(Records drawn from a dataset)

· · ·

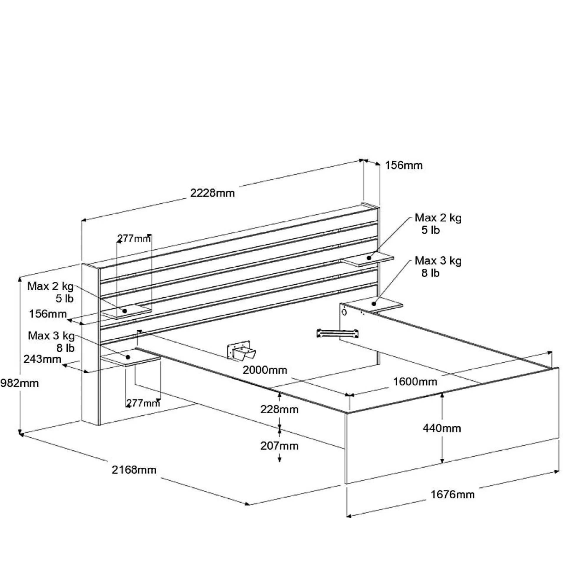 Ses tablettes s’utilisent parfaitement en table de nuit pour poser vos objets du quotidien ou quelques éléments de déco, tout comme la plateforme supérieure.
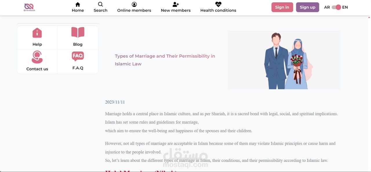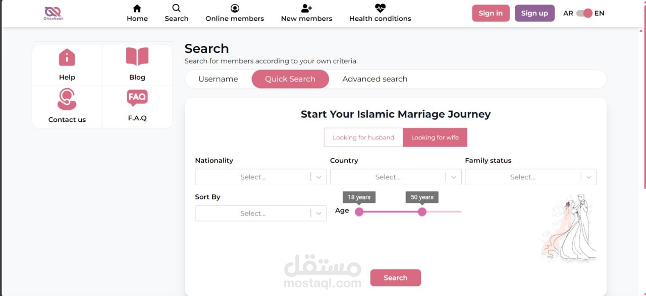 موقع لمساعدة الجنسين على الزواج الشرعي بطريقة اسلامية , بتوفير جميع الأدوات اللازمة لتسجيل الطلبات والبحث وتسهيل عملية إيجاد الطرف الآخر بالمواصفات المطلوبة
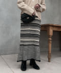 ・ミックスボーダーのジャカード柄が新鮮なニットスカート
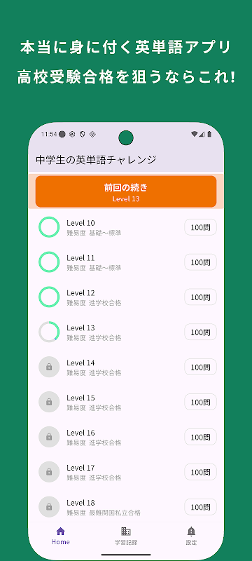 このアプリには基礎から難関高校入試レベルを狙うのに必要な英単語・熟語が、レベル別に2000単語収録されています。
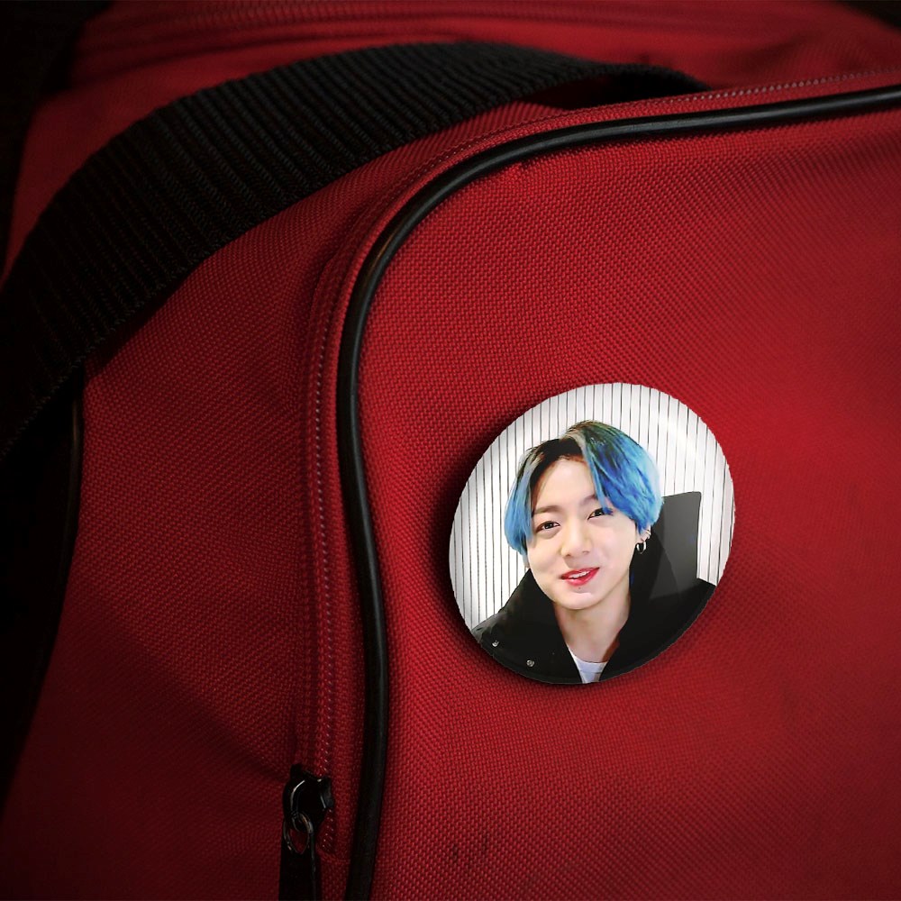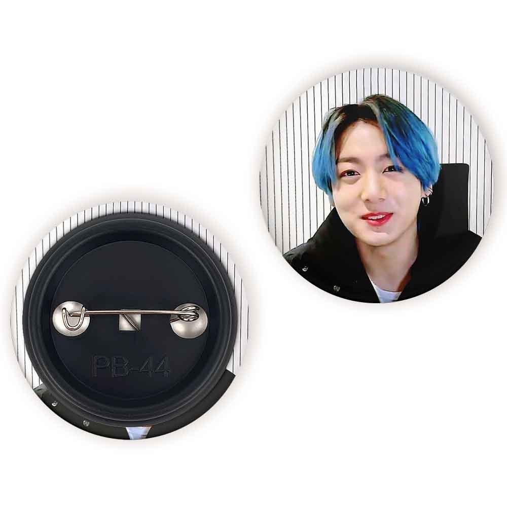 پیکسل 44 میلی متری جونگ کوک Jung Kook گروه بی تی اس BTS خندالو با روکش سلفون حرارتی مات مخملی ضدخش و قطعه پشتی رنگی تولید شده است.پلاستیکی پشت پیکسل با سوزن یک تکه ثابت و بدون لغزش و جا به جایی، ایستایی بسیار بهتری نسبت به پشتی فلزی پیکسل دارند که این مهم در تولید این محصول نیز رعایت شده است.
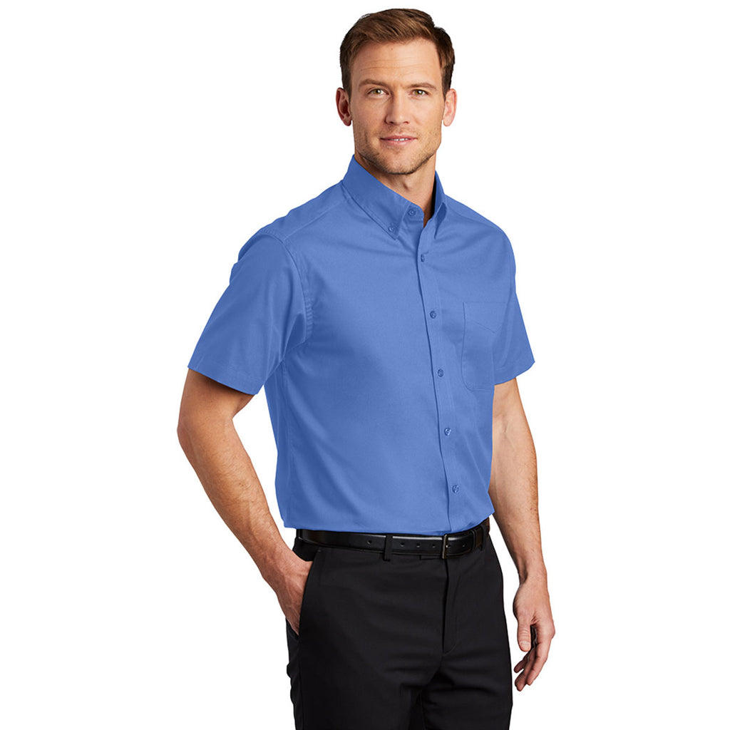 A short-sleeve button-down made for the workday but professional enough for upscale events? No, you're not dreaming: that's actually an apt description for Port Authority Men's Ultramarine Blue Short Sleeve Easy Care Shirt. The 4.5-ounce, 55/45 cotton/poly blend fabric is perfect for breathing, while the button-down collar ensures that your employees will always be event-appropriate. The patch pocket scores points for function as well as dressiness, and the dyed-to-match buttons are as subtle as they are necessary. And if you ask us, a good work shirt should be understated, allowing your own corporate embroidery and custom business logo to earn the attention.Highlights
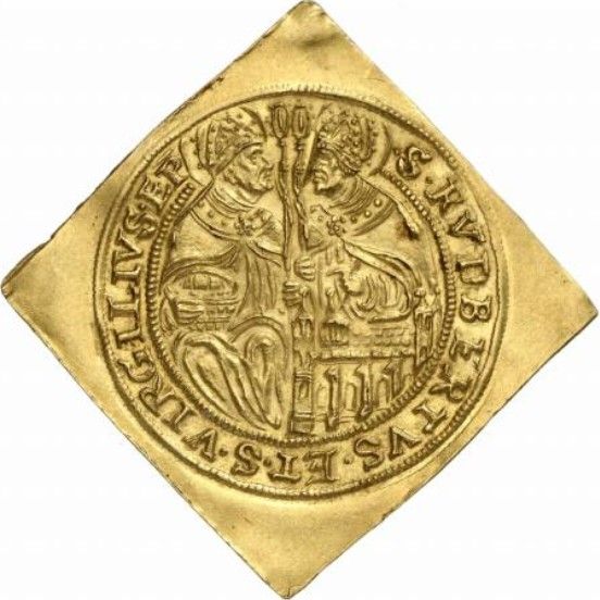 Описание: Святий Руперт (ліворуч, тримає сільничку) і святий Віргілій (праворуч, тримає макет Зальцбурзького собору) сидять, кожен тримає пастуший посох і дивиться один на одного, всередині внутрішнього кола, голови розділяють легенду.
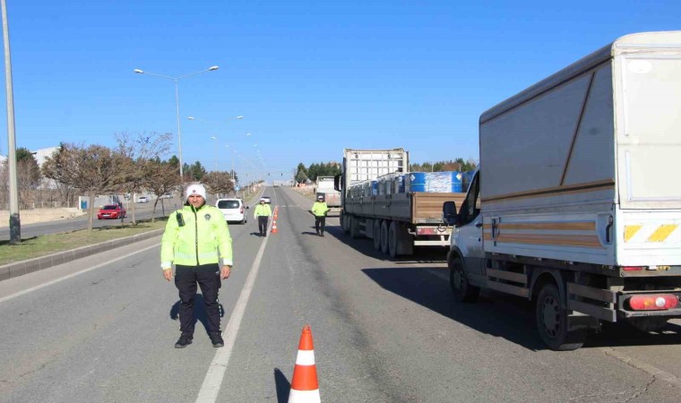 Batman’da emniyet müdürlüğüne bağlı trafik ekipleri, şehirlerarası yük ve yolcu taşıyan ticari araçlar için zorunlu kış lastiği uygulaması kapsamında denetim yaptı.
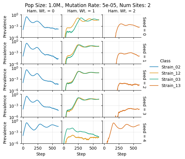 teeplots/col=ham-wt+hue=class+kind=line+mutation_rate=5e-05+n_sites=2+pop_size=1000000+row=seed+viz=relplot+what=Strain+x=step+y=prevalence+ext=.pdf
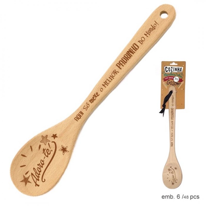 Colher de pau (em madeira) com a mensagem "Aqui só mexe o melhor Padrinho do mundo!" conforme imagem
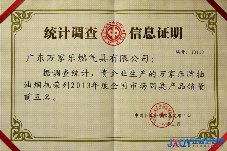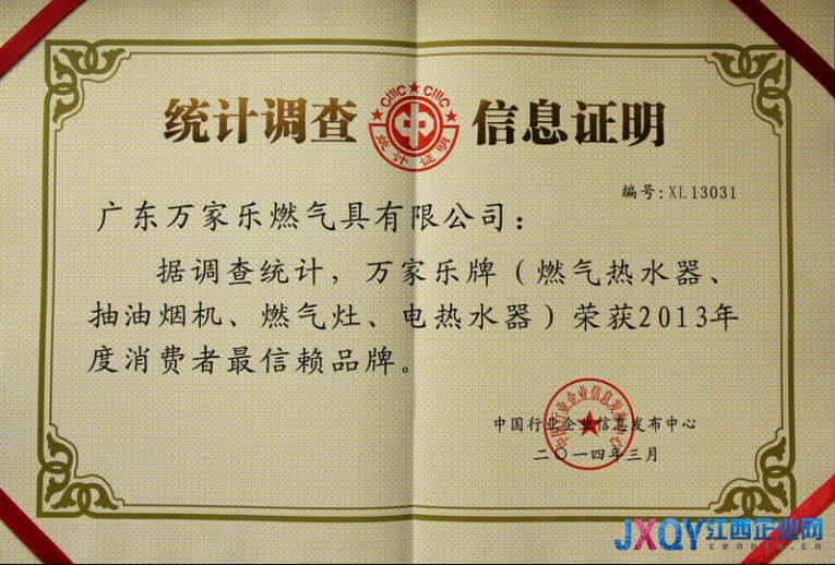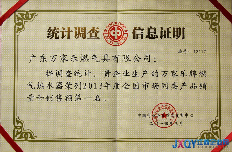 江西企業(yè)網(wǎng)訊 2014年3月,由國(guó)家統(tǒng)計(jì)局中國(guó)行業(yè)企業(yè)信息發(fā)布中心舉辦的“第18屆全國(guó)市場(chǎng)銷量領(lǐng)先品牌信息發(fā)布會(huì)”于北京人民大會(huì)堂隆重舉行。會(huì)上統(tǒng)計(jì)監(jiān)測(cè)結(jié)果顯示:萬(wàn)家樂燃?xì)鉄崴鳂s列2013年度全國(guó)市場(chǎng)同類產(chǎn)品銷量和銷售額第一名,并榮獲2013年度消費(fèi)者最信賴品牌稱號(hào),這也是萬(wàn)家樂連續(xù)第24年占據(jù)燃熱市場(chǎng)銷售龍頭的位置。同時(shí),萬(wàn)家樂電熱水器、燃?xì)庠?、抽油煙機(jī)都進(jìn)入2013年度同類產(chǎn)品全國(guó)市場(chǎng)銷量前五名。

· · ·

=== REQUIRED WORK ===
Write out the lines above from the one with "موقع لمساعدة الجنسين" through the one with "A short-sleeve button-down", ends included, exactly; no picture goes in.

=== RESULT ===
 موقع لمساعدة الجنسين على الزواج الشرعي بطريقة اسلامية , بتوفير جميع الأدوات اللازمة لتسجيل الطلبات والبحث وتسهيل عملية إيجاد الطرف الآخر بالمواصفات المطلوبة
 ・ミックスボーダーのジャカード柄が新鮮なニットスカート
 このアプリには基礎から難関高校入試レベルを狙うのに必要な英単語・熟語が、レベル別に2000単語収録されています。
 پیکسل 44 میلی متری جونگ کوک Jung Kook گروه بی تی اس BTS خندالو با روکش سلفون حرارتی مات مخملی ضدخش و قطعه پشتی رنگی تولید شده است.پلاستیکی پشت پیکسل با سوزن یک تکه ثابت و بدون لغزش و جا به جایی، ایستایی بسیار بهتری نسبت به پشتی فلزی پیکسل دارند که این مهم در تولید این محصول نیز رعایت شده است.
 A short-sleeve button-down made for the workday but professional enough for upscale events? No, you're not dreaming: that's actually an apt description for Port Authority Men's Ultramarine Blue Short Sleeve Easy Care Shirt. The 4.5-ounce, 55/45 cotton/poly blend fabric is perfect for breathing, while the button-down collar ensures that your employees will always be event-appropriate. The patch pocket scores points for function as well as dressiness, and the dyed-to-match buttons are as subtle as they are necessary. And if you ask us, a good work shirt should be understated, allowing your own corporate embroidery and custom business logo to earn the attention.Highlights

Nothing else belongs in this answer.